## EXERCISE REQUIREMENTS
Return the entries verbatim and drop every picture.

## Records contained in a dataset

□ □ □ □ □ □ □

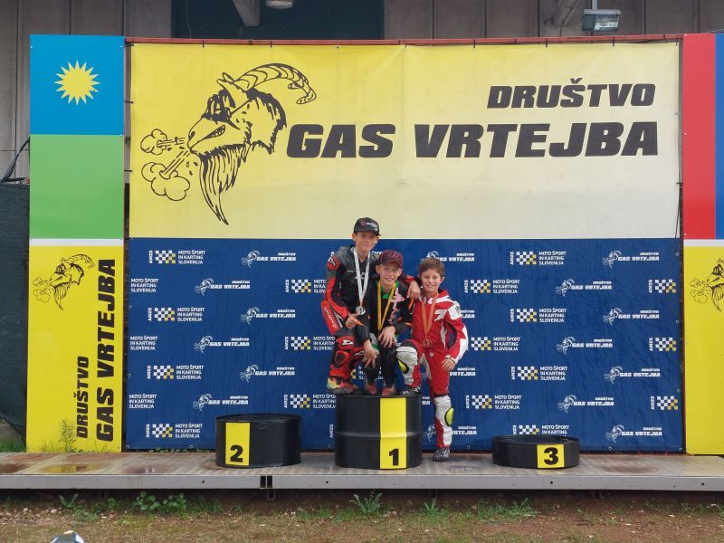 je bil vesel novopečeni dobitnik kristalne čelade, priznanja, ki ga dobi dirkač s petimi osvojenimi naslovi državnega prvaka Slovenije pod okriljem AMZS. Skupno drugo mesto v seštevku razreda miniGP12 je osvojil osmoljenec sezone Nejc Petrič, tretje pa Rupelli.
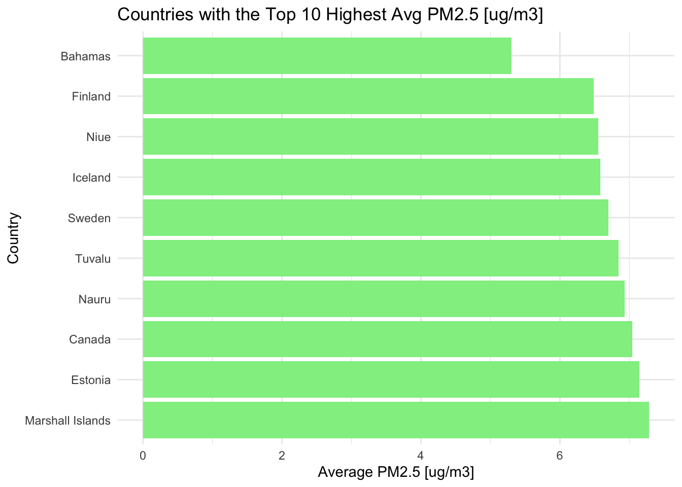 ggplot(bot_countries, aes(x =reorder(Location, -LocE), y = LocE)) +geom_bar(stat ="identity", fill='lightgreen') +coord_flip() +labs(title ="Countries with the Top 10 Highest Avg PM2.5 [ug/m3]",x ="Country",y ="Average PM2.5 [ug/m3]") +theme_minimal()
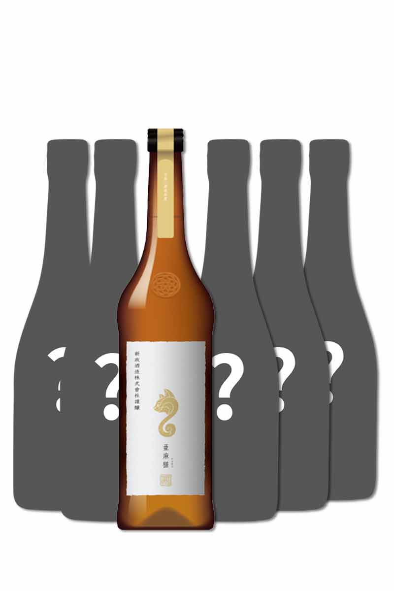 盲盒內含六瓶日本清酒,並且保證其中一瓶為「新政酒造 亞麻貓 純米酒 720ml」。
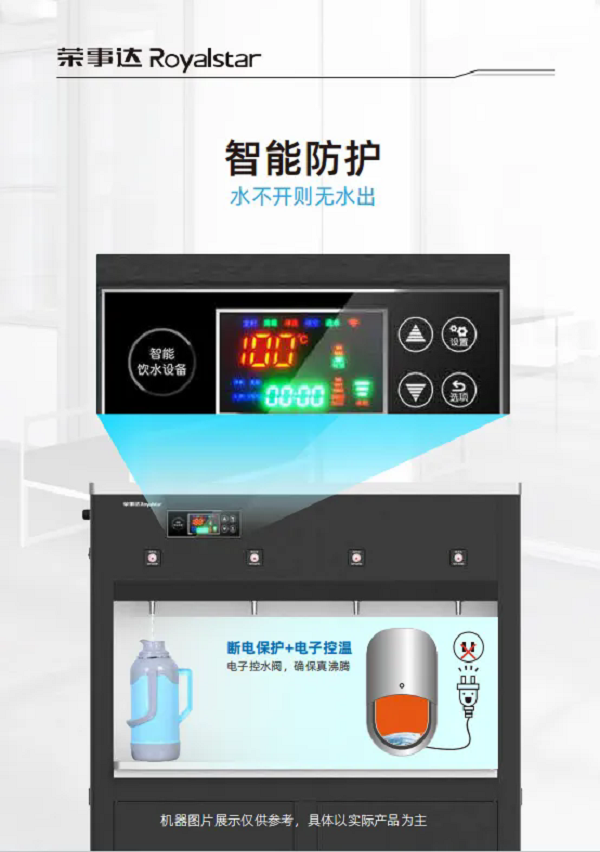 設(shè)備采用節(jié)能熱交換技術(shù),熱損低,更節(jié)能;保溫結(jié)構(gòu)設(shè)計,保溫效果好。六個水龍頭設(shè)計,有效應(yīng)對飲水量大與飲水集中的問題,確保供水順暢。五級過濾,RO反滲透技術(shù),有效濾除水中的泥沙、鐵銹、重金屬、余氯等有害物質(zhì),確保水質(zhì)干凈;智能防護功能,斷電保護、電子控溫、七重保護,可充分保障師生使用安全。
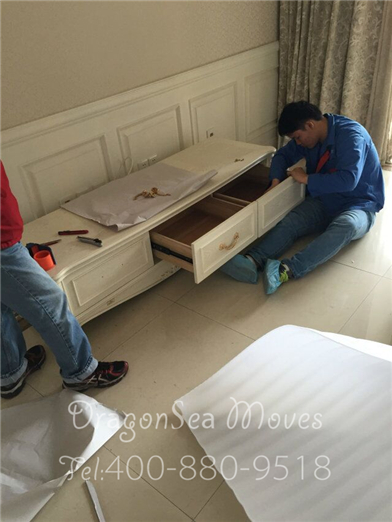 邱大師正在對電視柜抽屜做處理,為了防止抽屜把手在包裝過程中損壞,包裝之前都會拆下抽屜把手反裝:
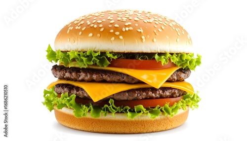 burger, cheeseburger, double, beef, patty, cheese, lettuce, tomatoes, sesame, bun, food, meal, delicious, tasty, appetising, junk food, fast food, cookery, gastronomy, culinary, dinner, lunch, snack, eat, eating, eatery, cafes, tempting, mouth-watering, savoury, greasy, rich, filling, satisfying, american, classic, epicure
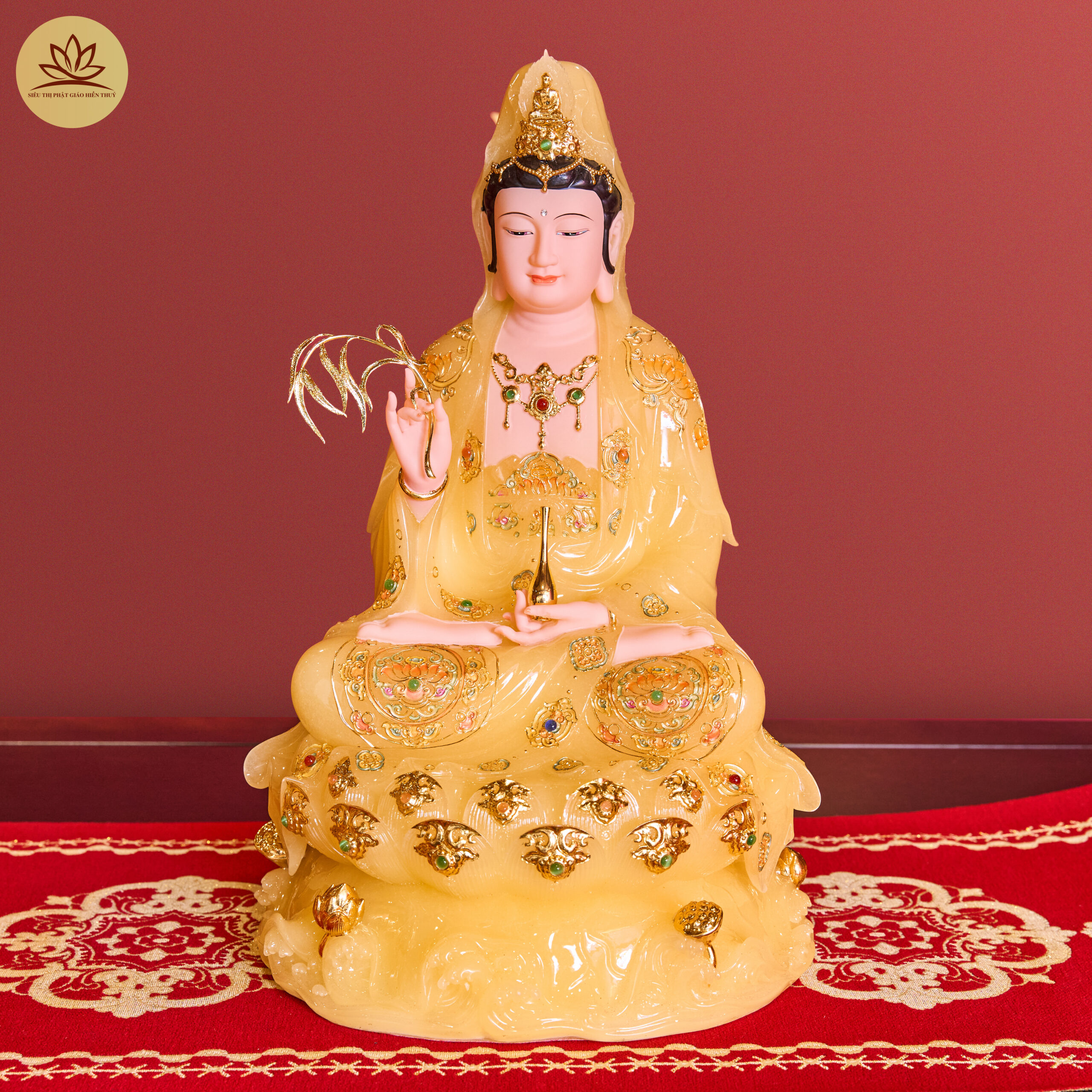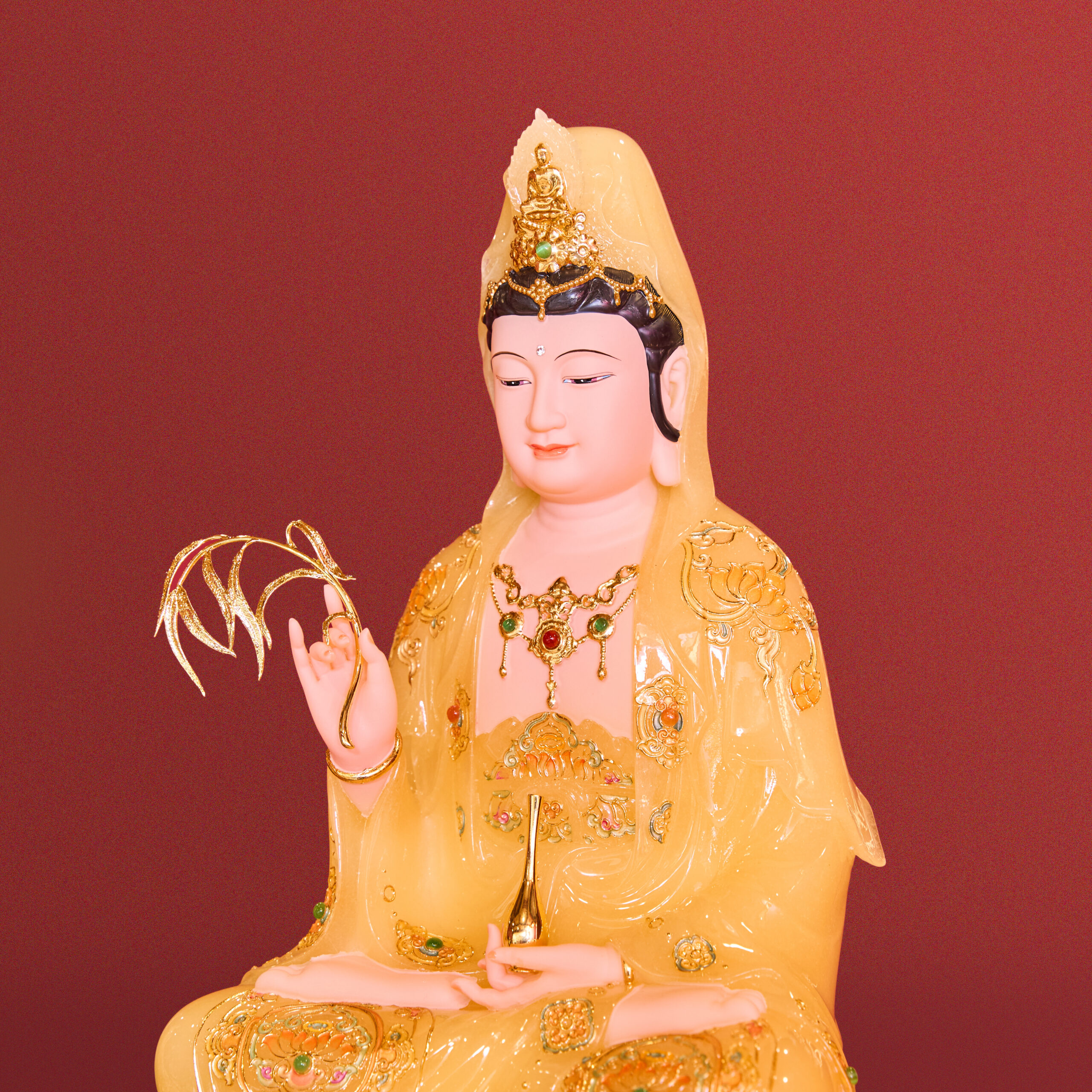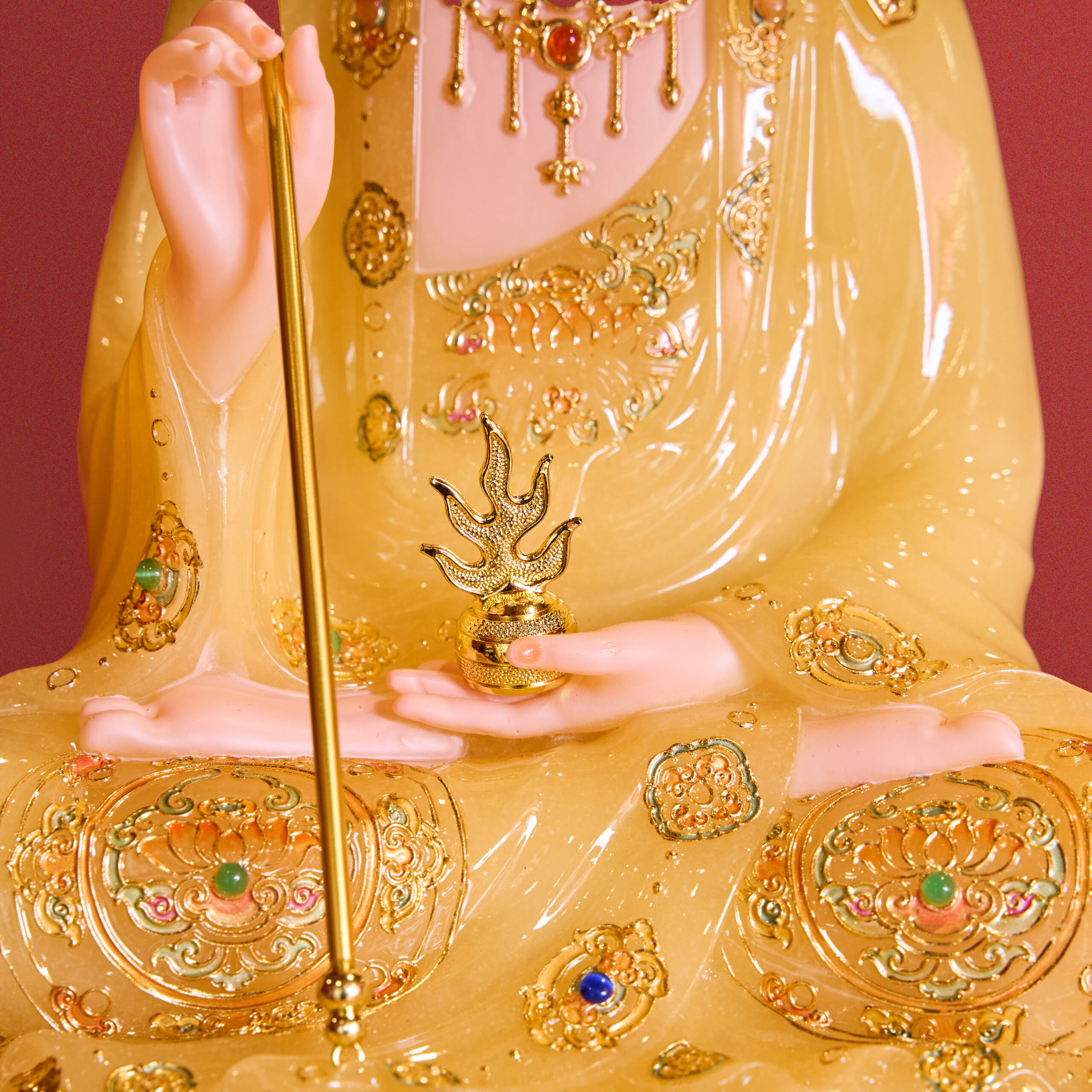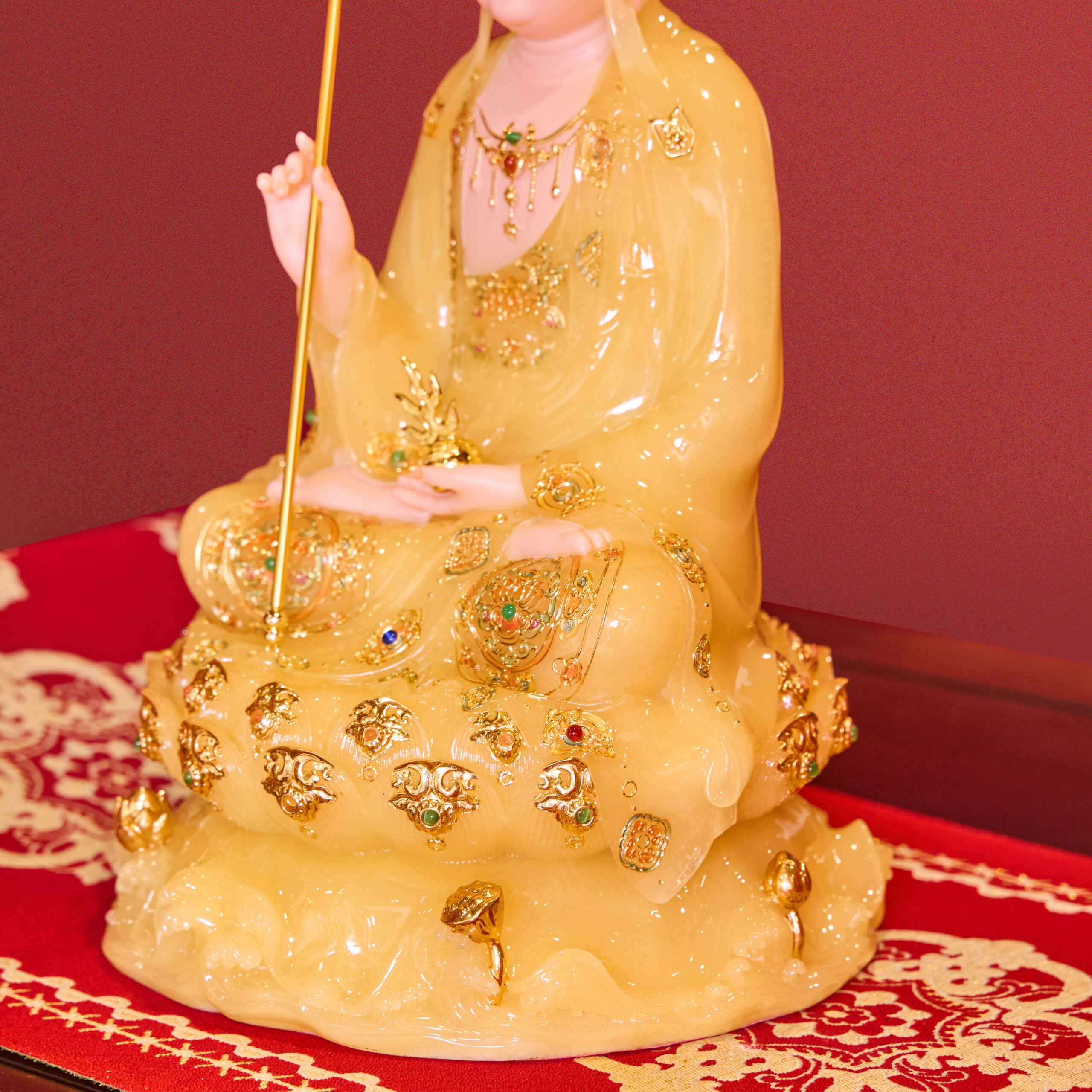 – Tên SP: Tượng Ta Bà Tam Thánh Bột Đá Toạ Đài Sen Thạch Anh Vàng

□ □ □ □ □ □ □

## YOUR RESPONSE
 je bil vesel novopečeni dobitnik kristalne čelade, priznanja, ki ga dobi dirkač s petimi osvojenimi naslovi državnega prvaka Slovenije pod okriljem AMZS. Skupno drugo mesto v seštevku razreda miniGP12 je osvojil osmoljenec sezone Nejc Petrič, tretje pa Rupelli.
 ggplot(bot_countries, aes(x =reorder(Location, -LocE), y = LocE)) +geom_bar(stat ="identity", fill='lightgreen') +coord_flip() +labs(title ="Countries with the Top 10 Highest Avg PM2.5 [ug/m3]",x ="Country",y ="Average PM2.5 [ug/m3]") +theme_minimal()
 盲盒內含六瓶日本清酒,並且保證其中一瓶為「新政酒造 亞麻貓 純米酒 720ml」。
 設(shè)備采用節(jié)能熱交換技術(shù),熱損低,更節(jié)能;保溫結(jié)構(gòu)設(shè)計,保溫效果好。六個水龍頭設(shè)計,有效應(yīng)對飲水量大與飲水集中的問題,確保供水順暢。五級過濾,RO反滲透技術(shù),有效濾除水中的泥沙、鐵銹、重金屬、余氯等有害物質(zhì),確保水質(zhì)干凈;智能防護功能,斷電保護、電子控溫、七重保護,可充分保障師生使用安全。
 邱大師正在對電視柜抽屜做處理,為了防止抽屜把手在包裝過程中損壞,包裝之前都會拆下抽屜把手反裝:
 burger, cheeseburger, double, beef, patty, cheese, lettuce, tomatoes, sesame, bun, food, meal, delicious, tasty, appetising, junk food, fast food, cookery, gastronomy, culinary, dinner, lunch, snack, eat, eating, eatery, cafes, tempting, mouth-watering, savoury, greasy, rich, filling, satisfying, american, classic, epicure
 – Tên SP: Tượng Ta Bà Tam Thánh Bột Đá Toạ Đài Sen Thạch Anh Vàng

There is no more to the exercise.